Подорогин устало махнул рукой. От нервного возбуждения его бросало то в жар, то в холод. Леонид Георгиевич, улыбаясь, сплетал и расплетал на столе пальцы. В прихожей на минуту все тоже как будто замерло. Несколько раз волнистое стекло двери озарилось мертвенным светом фотовспышки.
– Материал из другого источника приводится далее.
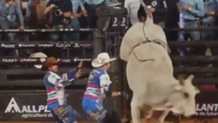 Peão é atingido por touro no Rodeio Internacional em Barretos e é socorrido; veja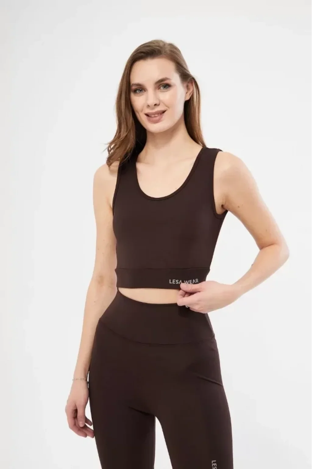 Kolsuz Dalgiç Baskılı Crop - Kahve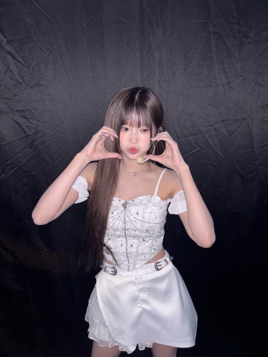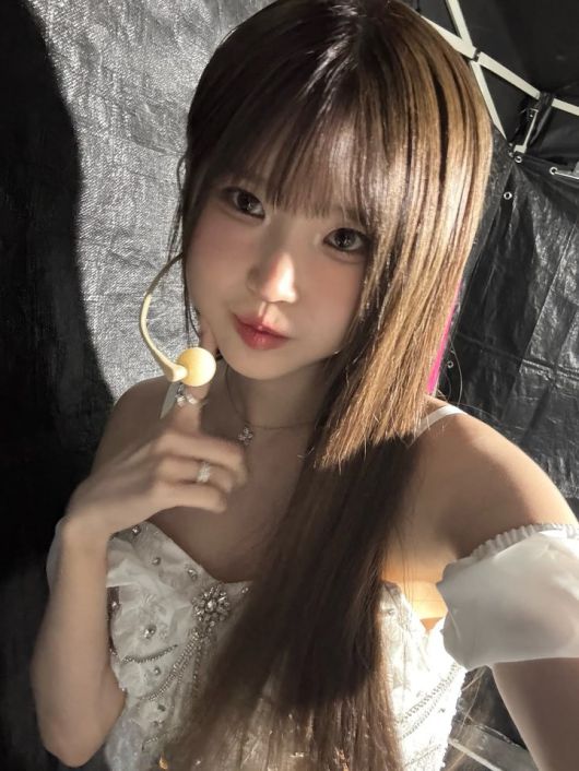 클로즈업된 셀카 속 송하영은 하트 포즈와 함께 미소를 짓고 있다. 깊이 있는 브라운 음영과 속눈썹이 눈매를 또렷하게 잡아주고, 하얀 무대 의상 위 반짝이는 주얼 장식과 네크리스가 포인트가 돼 러블리한 매력을 배가시킨다.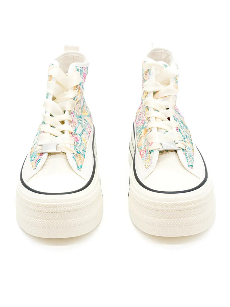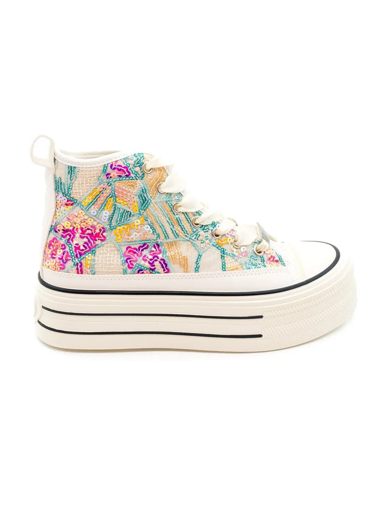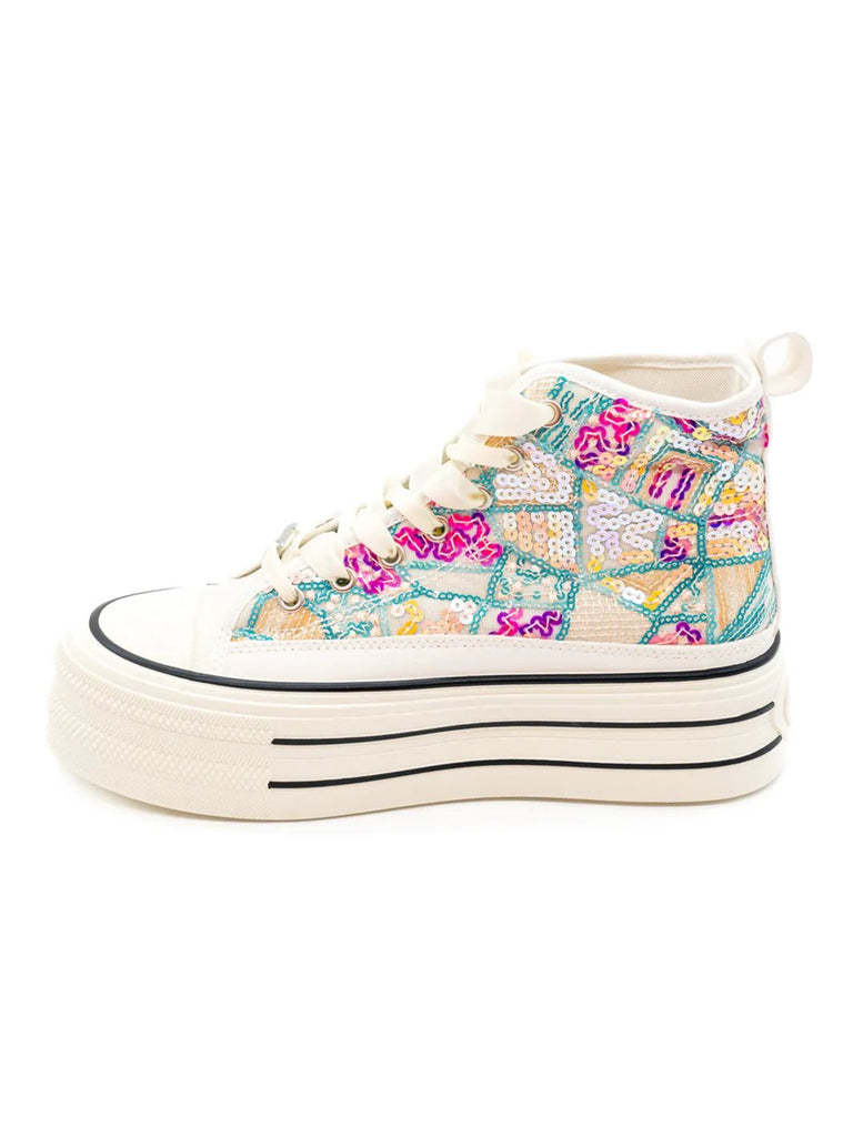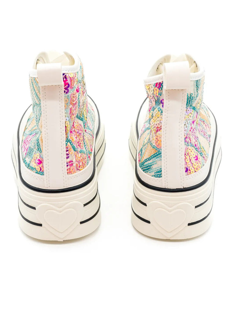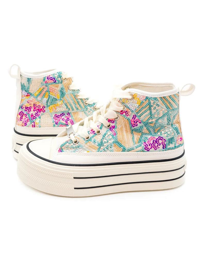 Diese High-Top Plateau Sneaker sind der perfekte Mix aus Fashion, Glamour und Komfort! Das detailverliebte Design mit farbenfroher Stickerei und funkelnden Pailletten sorgt für einen einzigartigen Look, der jedes Outfit aufwertet. Die weiche Satin-Schnürung verleiht dem Schuh einen edlen Touch – einfach zum Verlieben!

— Минутку. — Леонид Георгиевич обернулся, взял из посудного шкафчика большой плотный конверт и положил его на стол. — Пожалуйста.
Внутри конверта были глянцевые черно-белые фотографии, чьи репродукции два часа тому назад Подорогин сжег на лоджии.
Он без малейшего интереса перетасовал снимки.
— И что?
— А то… — Леонид Георгиевич собрал фотографии и вложил их обратно в конверт. — А то, Василий Ипатич, что с настоящим действующим покойничком общаетесь-то на самом деле не вы, а ваш покорный слуга.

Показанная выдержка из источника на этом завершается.